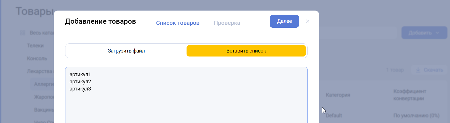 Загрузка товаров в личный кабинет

--

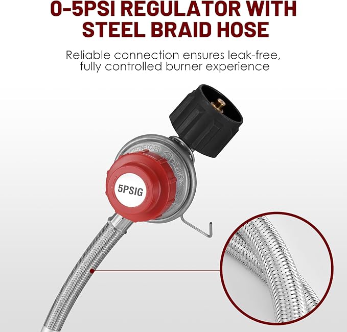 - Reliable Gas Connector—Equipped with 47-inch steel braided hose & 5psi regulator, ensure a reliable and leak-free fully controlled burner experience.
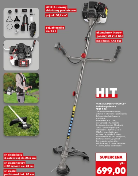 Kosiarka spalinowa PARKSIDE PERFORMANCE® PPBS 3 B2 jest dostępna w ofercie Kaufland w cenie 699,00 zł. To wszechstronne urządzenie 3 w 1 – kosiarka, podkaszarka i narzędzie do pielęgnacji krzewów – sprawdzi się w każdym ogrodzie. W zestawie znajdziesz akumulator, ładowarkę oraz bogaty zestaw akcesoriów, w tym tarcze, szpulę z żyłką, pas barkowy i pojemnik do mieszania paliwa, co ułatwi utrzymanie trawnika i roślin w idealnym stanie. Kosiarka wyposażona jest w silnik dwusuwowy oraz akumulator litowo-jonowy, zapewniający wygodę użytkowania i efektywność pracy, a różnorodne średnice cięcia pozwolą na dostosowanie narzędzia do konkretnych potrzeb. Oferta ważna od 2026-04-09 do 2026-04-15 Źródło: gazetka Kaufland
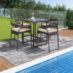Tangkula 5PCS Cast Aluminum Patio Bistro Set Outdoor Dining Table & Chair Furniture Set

--

Required work - Extract, without any images, the part of the material above that opens with the line containing "- Reliable Gas" and closes with the line containing "Tangkula 5PCS Cast", both lines included.

Your solution -
 - Reliable Gas Connector—Equipped with 47-inch steel braided hose & 5psi regulator, ensure a reliable and leak-free fully controlled burner experience.
 Kosiarka spalinowa PARKSIDE PERFORMANCE® PPBS 3 B2 jest dostępna w ofercie Kaufland w cenie 699,00 zł. To wszechstronne urządzenie 3 w 1 – kosiarka, podkaszarka i narzędzie do pielęgnacji krzewów – sprawdzi się w każdym ogrodzie. W zestawie znajdziesz akumulator, ładowarkę oraz bogaty zestaw akcesoriów, w tym tarcze, szpulę z żyłką, pas barkowy i pojemnik do mieszania paliwa, co ułatwi utrzymanie trawnika i roślin w idealnym stanie. Kosiarka wyposażona jest w silnik dwusuwowy oraz akumulator litowo-jonowy, zapewniający wygodę użytkowania i efektywność pracy, a różnorodne średnice cięcia pozwolą na dostosowanie narzędzia do konkretnych potrzeb. Oferta ważna od 2026-04-09 do 2026-04-15 Źródło: gazetka Kaufland
Tangkula 5PCS Cast Aluminum Patio Bistro Set Outdoor Dining Table & Chair Furniture Set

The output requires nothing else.